→ Task statement
Could you print the stretch of lines below from the one with "人满为患游戏是一款有趣的吞噬" through the one with "จ้างเหมาจัดทำพ", exactly as they stand and without any pictures?

*** Opening Entries supplied ***

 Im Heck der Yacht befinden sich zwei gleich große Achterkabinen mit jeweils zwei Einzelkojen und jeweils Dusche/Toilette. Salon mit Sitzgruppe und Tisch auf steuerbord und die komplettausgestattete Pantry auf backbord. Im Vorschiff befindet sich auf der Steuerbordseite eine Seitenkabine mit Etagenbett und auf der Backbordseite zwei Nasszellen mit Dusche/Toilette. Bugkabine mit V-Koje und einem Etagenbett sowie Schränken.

*** Closing Entries supplied ***
*** Opening Entries supplied ***

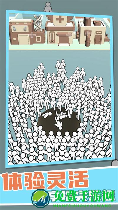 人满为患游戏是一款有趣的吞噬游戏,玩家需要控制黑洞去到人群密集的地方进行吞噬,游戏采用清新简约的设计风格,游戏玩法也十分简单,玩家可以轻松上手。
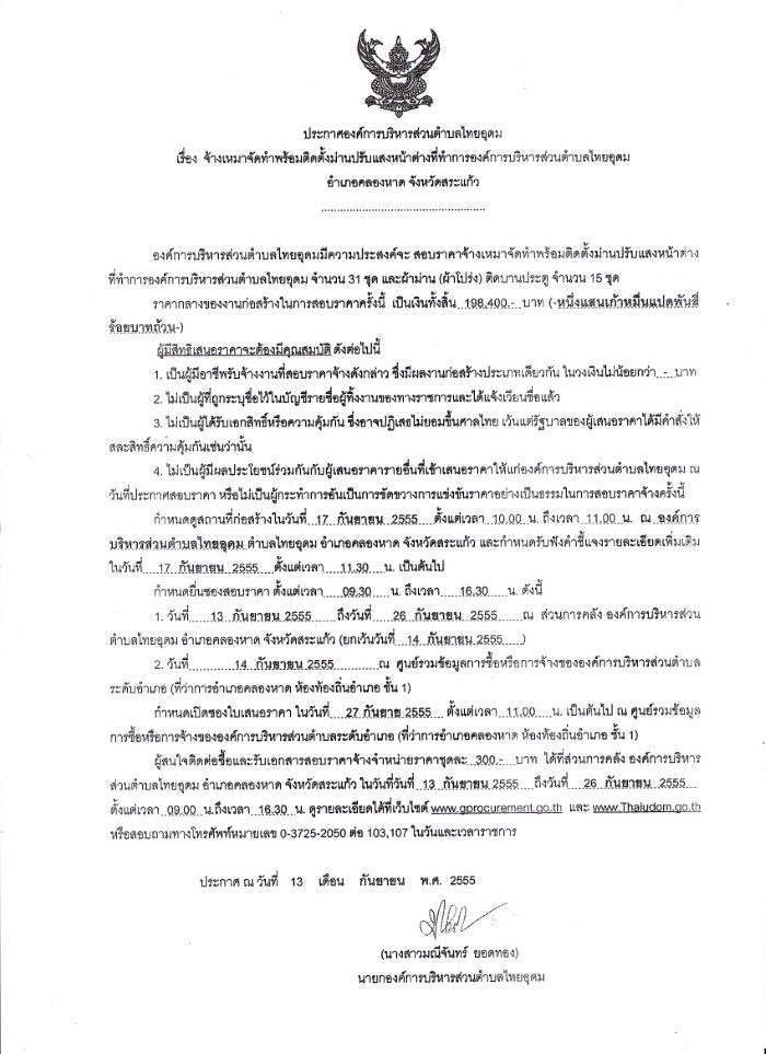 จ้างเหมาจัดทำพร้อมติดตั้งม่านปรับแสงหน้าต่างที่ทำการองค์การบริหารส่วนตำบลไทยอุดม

*** Closing Entries supplied ***

→ Solution for this exercise
 人满为患游戏是一款有趣的吞噬游戏,玩家需要控制黑洞去到人群密集的地方进行吞噬,游戏采用清新简约的设计风格,游戏玩法也十分简单,玩家可以轻松上手。
 จ้างเหมาจัดทำพร้อมติดตั้งม่านปรับแสงหน้าต่างที่ทำการองค์การบริหารส่วนตำบลไทยอุดม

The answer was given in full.